«Реальной альтернативы Байконуру до сих пор нет»

Какое будущее ждет главный советский космодром

Недавно день рождения отметил Байконур — 65 лет. Праздник, правда, получился какой-то печальный: проблемы в отечественной космической отрасли не могли не сказаться и на некогда главном космодроме страны. Сегодня уже в открытую говорят о том, что в 2050 году Россия останется без Байконура, его заменят Плесецк и «Восточный». Насколько такой исход предопределен и что значит для отечественного космоса потеря Байконура, «Огонек» спросил у бывшего первого заместителя генконструктора и первого вице-президента РКК «Энергия» им. С.П. Королева Аркадия Мартыновского, для которого Байконур — это часть жизни.

Байконур пока незаменим, если речь идет о пилотируемых полетах к МКС. На фото — подготовка к старту РН «Союз» и одноименного корабля с совместным (США, ЕС, Россия) экипажем

Байконур пока незаменим, если речь идет о пилотируемых полетах к МКС. На фото — подготовка к старту РН «Союз» и одноименного корабля с совместным (США, ЕС, Россия) экипажем

Фото: Pool via REUTERS

Байконур пока незаменим, если речь идет о пилотируемых полетах к МКС. На фото — подготовка к старту РН «Союз» и одноименного корабля с совместным (США, ЕС, Россия) экипажем

Фото: Pool via REUTERS

Беседовала Светлана Сухова

— Аркадий Леонидович, Россия потихоньку дистанцируется от Байконура: запуски идут, но их все меньше, как и денег.
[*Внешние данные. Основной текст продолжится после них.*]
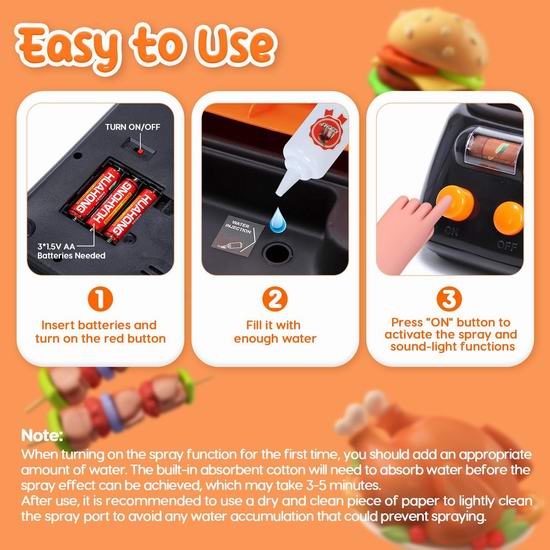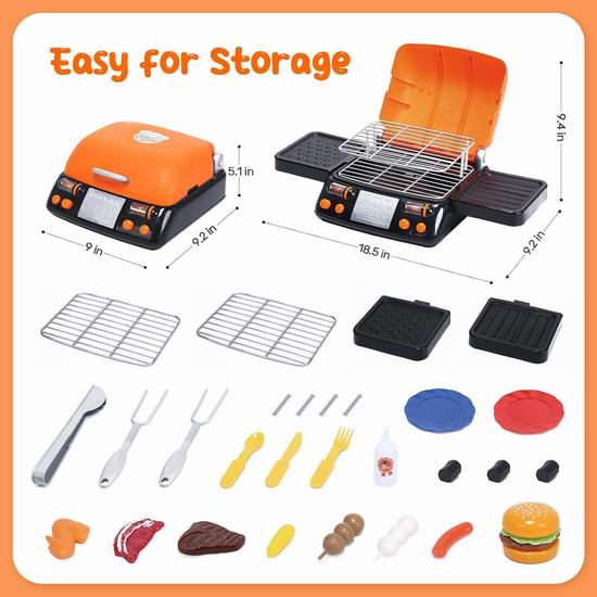 这款儿童烧烤玩具套装包含双层玩具烧烤架、仿真食物、餐具等玩具厨房配件,带来逼真的烧烤体验。加水后,烧烤炉会喷出水雾,模拟蒸汽,并带有声光效果,为角色扮演游戏增添真实感。他们可以和朋友们一起烹饪美味佳肴,从而提升想象力和创造力。所有厨房玩具均可方便地收纳在烧烤炉内部,无需额外的收纳容器。
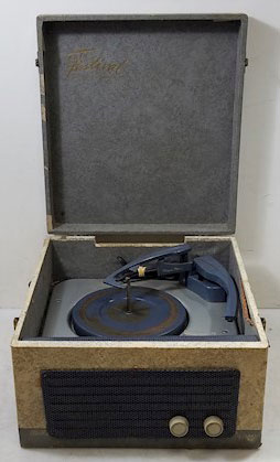 Portable | Available in blue and white, ebony and white | Stereo model. Manual turntable. Specs from Billboard Magazine Sept 14, 1959, p. 16 | $39.95 |
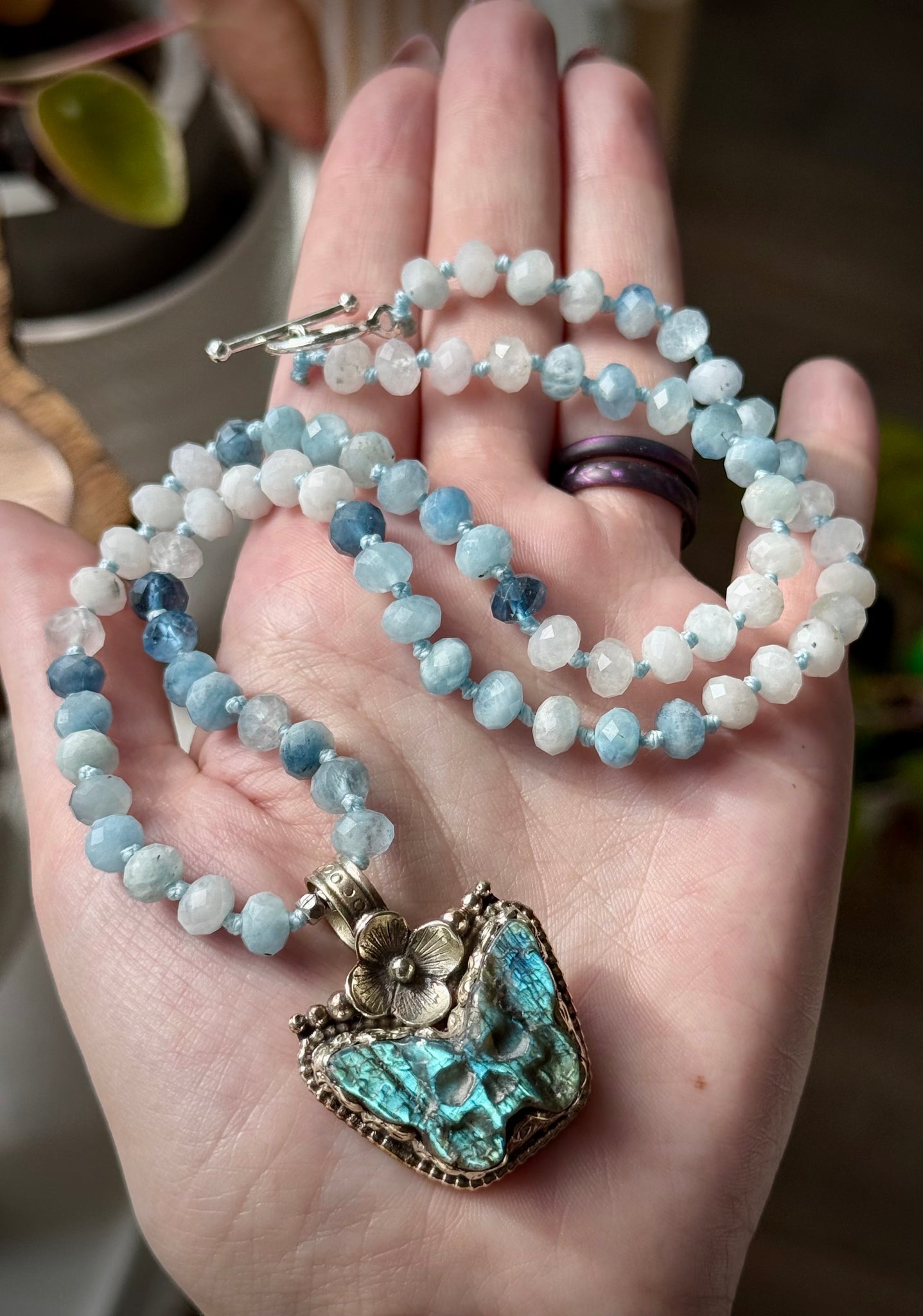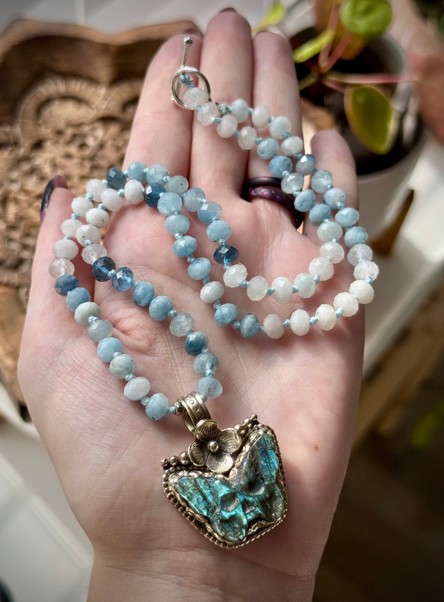 Aqua Mortalis is born from the space between life and decay, where transformation becomes art. The carved skull moth glows with labradorite’s fire, framed in aged brass like a relic from the deep. Each faceted aquamarine bead holds the calm strength of water after the storm, steady and clear.

Ставка явно сделана на развитие отечественных космодромов. Каковы шансы, что Байконур продержат до 2050 года?

Чем известен Аркадий Мартыновский

Смотреть

— Думаю, до срока окончания договора аренды Байконура дотянем. По крайней мере, я такую необходимость вижу. Да это и не в первый, и даже не второй раз на моей памяти, когда Россия готова распрощаться с Байконуром, но в последнюю минуту ситуация кардинально меняется и этого не происходит. Может, потому, что реальной альтернативы космодрому для нас до сих пор нет.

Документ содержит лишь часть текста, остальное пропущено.